05/29/2026
Pig iron helps make the steel that holds modern construction together.
It is a critical input in the high-performance steel used in structural frames, transfer systems, outriggers, and other demanding building applications where strength, consistency, and long-term performance matter.
The quality of the steel depends on the quality of the feedstock behind it. Pig iron gives steelmakers the chemistry, purity, and consistency needed to produce stronger, more reliable steel for major construction projects.
One Vanderbilt in New York is a clear example.
Rising 1,401 feet above Midtown Manhattan, One Vanderbilt is a 93-story skyscraper with an observation deck on its top three floors. The tower uses about 26,000 tons of steel in its frame, created with an estimated 5,200 tons of pig iron.
That steel does far more than hold up floors. It supports long spans, transfer systems, outriggers, trusses, and the structural frame that allows a tower of this scale to rise in a dense urban core. For that kind of performance, steelmakers need tighter chemistry control, and pig iron provides it.
That is the scale of pig iron’s role in construction.

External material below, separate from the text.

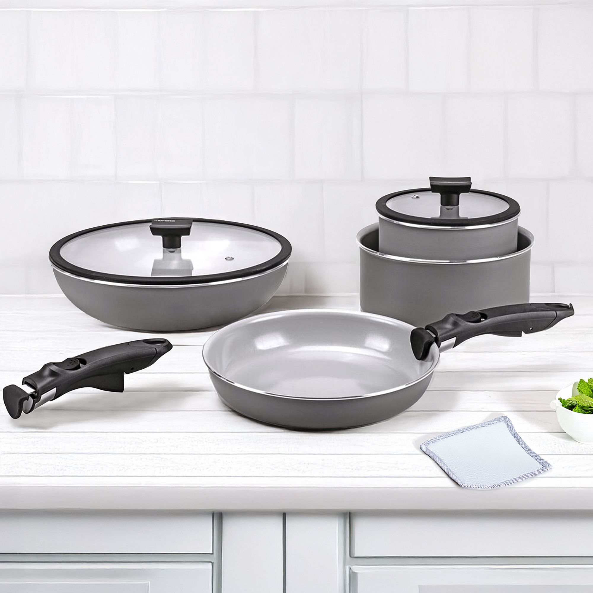 • i manici removibili rendono ogni pezzo versatile e pratico anche per il forno

Pig iron is not visible once a building is complete, but it helps make possible the steel that holds up the towers shaping American cities. The United States still imports 100% of its merchant pig iron, even though this feedstock is essential to the high-grade steel used across construction, infrastructure, manufacturing, and defense.
North American Iron is working to change that by producing America First merchant pig iron and putting domestic resources to work for the U.S. steel industry.